У нее были красивые котята. Мы всех раздавали.
Так вот, Белки давно уже нет, и теперь к нам приходит соседская кошка.
Наталья Всеволодна Вишневская, немолодая уже дама в драповом пальто, никогда не выходила вечером на прогулку без Долли.
Долли – крохотная чи-хуа-хуа, уши на дрожащих ножках – всегда сидела у нее за пазухой, откуда эти уши и виднелись эпизодически.
Наталья Всеволодна, собственно говоря, уже возвращалась домой, когда у парадного ее нагнал этот запыхавшийся голос: «Бабка! Гони деньги, а то глотку вырву!»

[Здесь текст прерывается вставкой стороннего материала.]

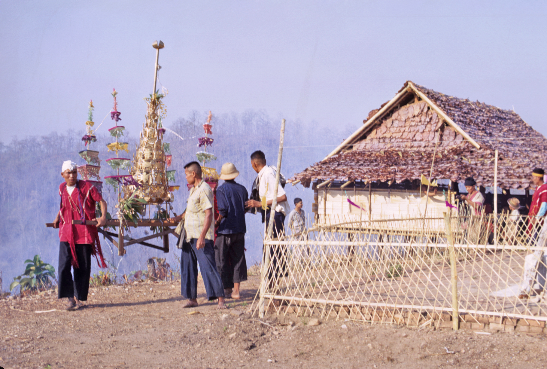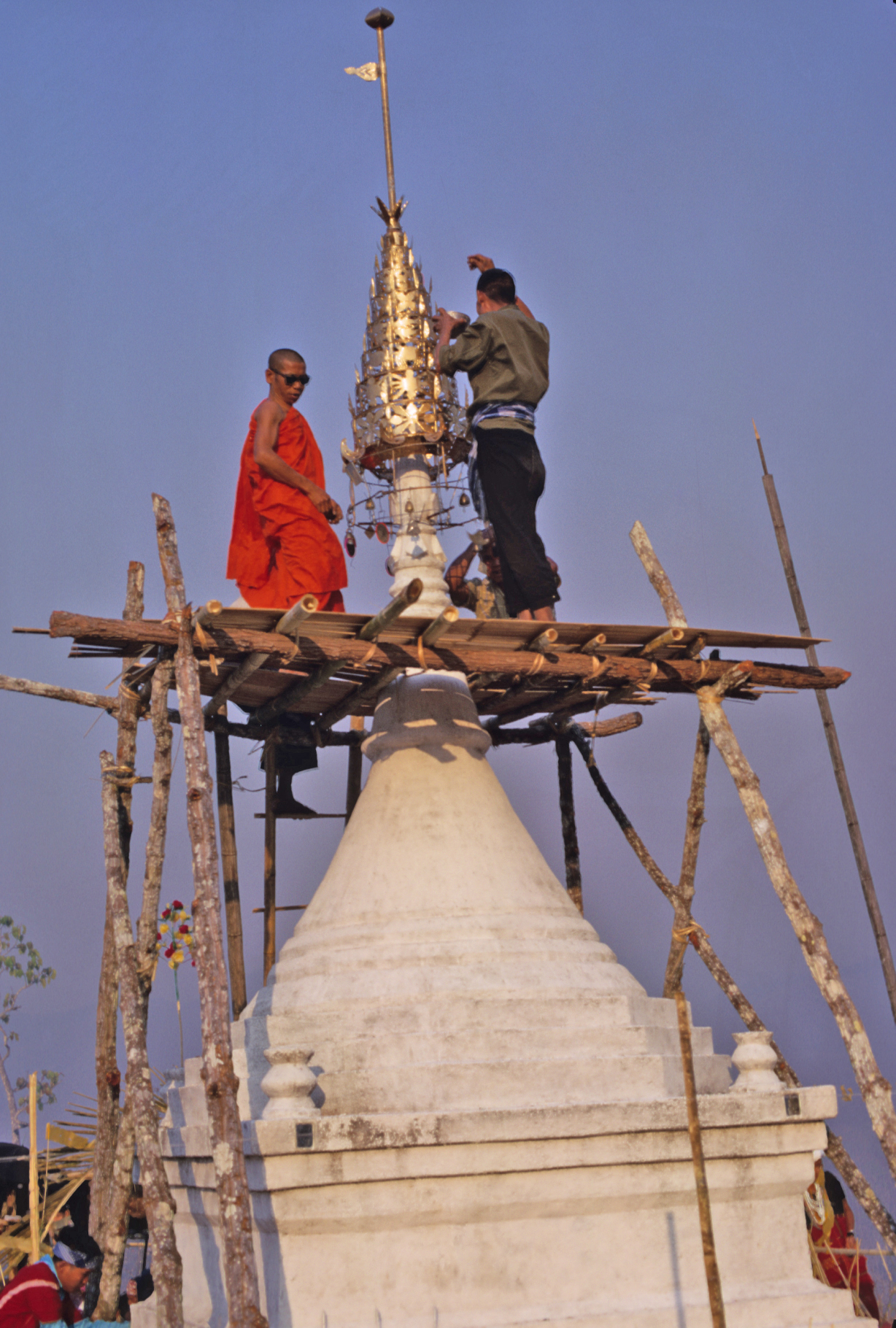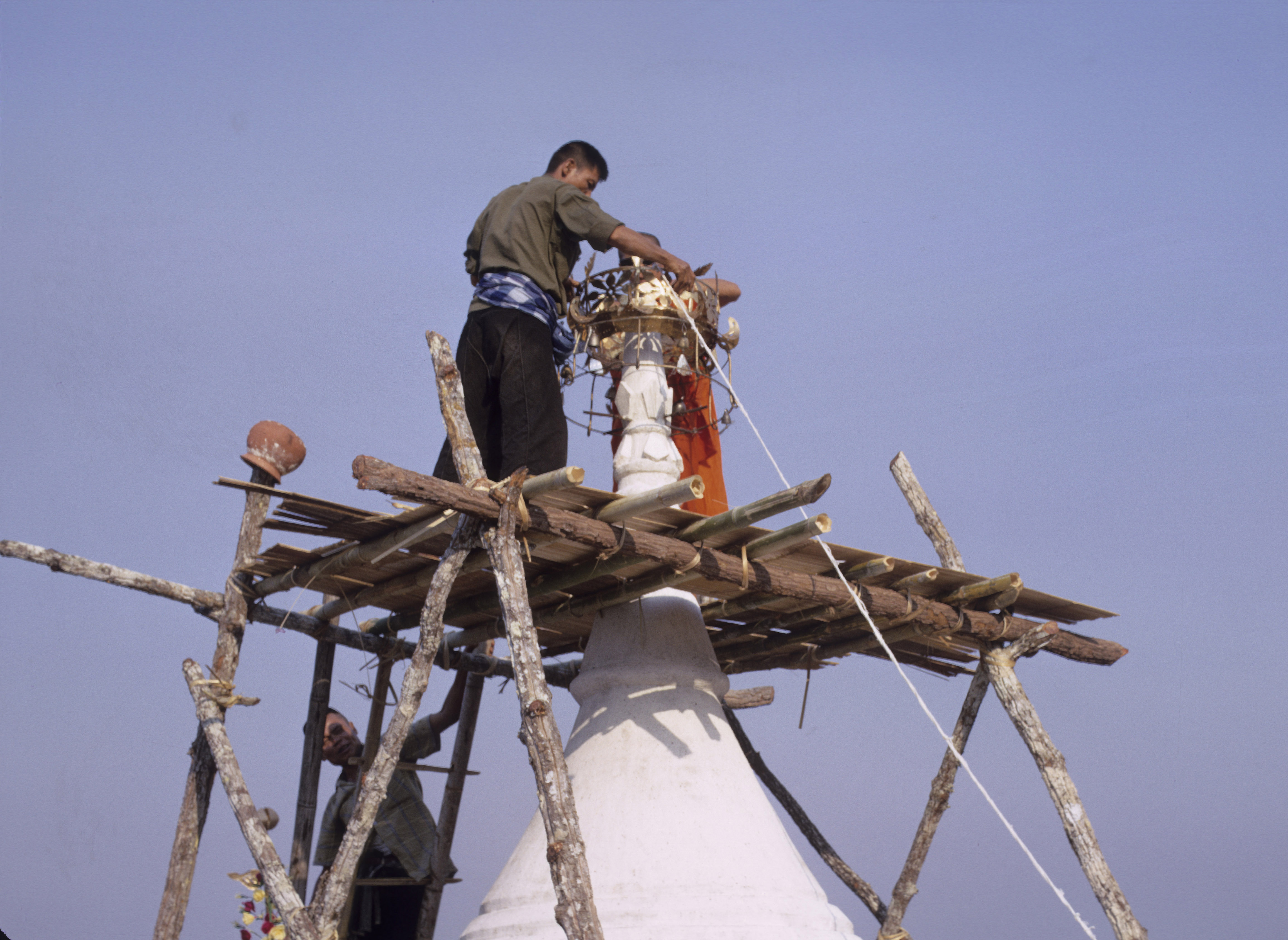 Dedication of new stupa (yôt Chēdī) – Karen men carrying crown of stupa (hti), fixing the crown (hti) on top of chedi, Karen man and monk placing crown of stupa (hti) in place on stupa, 4 photos, Ban Mae Top Nuea, Thambon Ban Kat, Amphoe Mae Sariang, Changwat Mae Hong Son, Thailand, March 1968
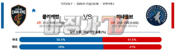 2026-01-11 NBA 클리블랜드 캐벌리어스 미네소타 울브스 NBA분석 무료중계 스포츠분석
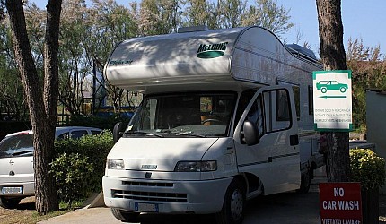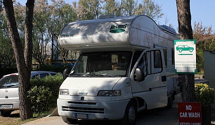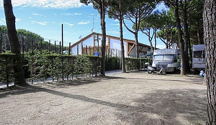 Non distanti si trovano il camper service e il wc chimico. La piazzola stessa è però dotata dellimpianto per il carico e lo scarico delle acque bianche/grigie. Inoltre è fornita con 10 Amper di corrente e dispone dellattacco TV-Sat. Lutilizzo della piscina è incluso nel costo della piazzola e vi è la possibilità di parcheggiare all'interno della piazzola anche un'auto supplementare (extra rispetto alle tariffe da listino). E consigliata la prenotazione anticipata, dal momento che le piazzole tipo C sono solamente venti e sono molto richieste.
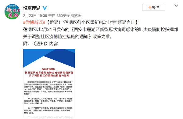 2月23日,中共西安市莲湖区委宣传部官方微博@悦享莲湖 辟谣称,“莲湖区各小区重新启动封禁”系谣言!
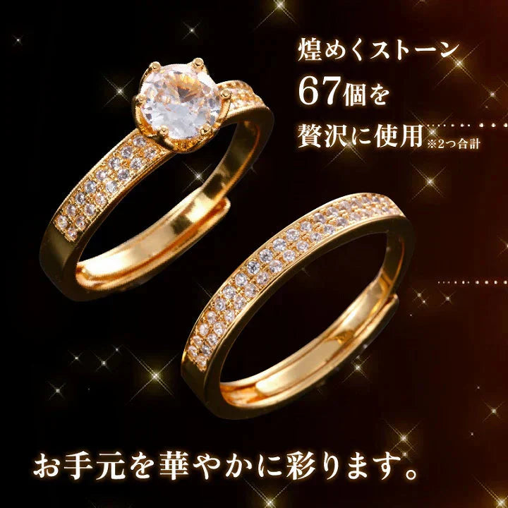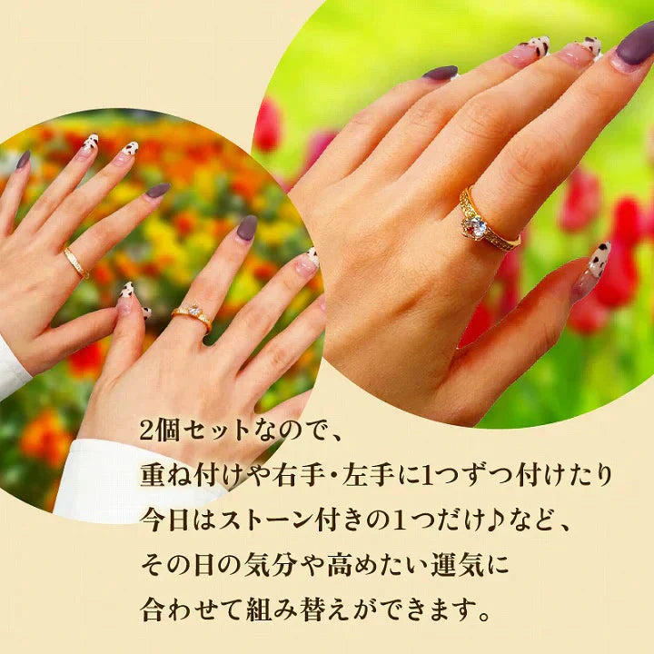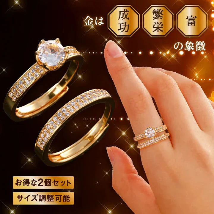 プレミアムラッキーリング(2個組) 指輪 レディース ゴールドリング 開運 金色 金運 幸運 運気アップ 成功 金運アップ 財運 開運 願望成就 フリーサイズ 8〜18号 調節可 金運の象徴 ゴールドカラーのリング サイズ調整可能 きらめくストーン 開運グッズ アクセサリー 指輪 パワーストーン 占い ブレスレット おすすめ ランキング ジルコニア

Она обернулась и увидела верзилу с ножом. Улица была пустынна.
Ухмыляющаяся харя верзилы нависла над ее лицом.
В этот момент Долли вылетела из-за пазухи и вцепилась ему в нос.
Беднягу увезли на скорой. Он умер от болевого шока.
Наталья Всеволодна поставила в церкви свечку за его упокой и долго просила Иисуса Христа не наказывать неразумную Долли.
«Саня, это Бедеров. Меня опять чуть не отправили в «психушку». И опять из-за твоих рассказов. Еду в метро. Высушенный и вые… после работы. Стал читать главу «Письма» в «Корабле отстоя».
Одним словом, от «Кузнецкого моста» до «Сходненской» (а это двадцать пять минут) я только по полу не катался. Мои попутчики получили серьезное основание усомниться в моей адекватности.
И еще. Тут гулял, намедни, у друзей на дне рождения. Давненько я не был в таком «ударе». Попил коньячку на три с лишним тысячи рублей. Именно столько стоит унитаз, который я умудрился расколотить. Как? Это для меня до сих пор остается загадкой».
Вежливый ответ: «Садится надо аккуратней. Желательно не головой».
«Вести из нашего универа, отделение иностранных языков.
Калуга по весне что твоя Венеция. То есть дерьма – море разливанное, чистым в любом случае больше 100 метров не пройдешь. Народу у нас много учится, иностранного в том числе, и вот один америкос приперся в храм науки, возвышающийся над всем этим весенним безобразием, в модельных лакированных ботиночках на тоненькой такой подошве.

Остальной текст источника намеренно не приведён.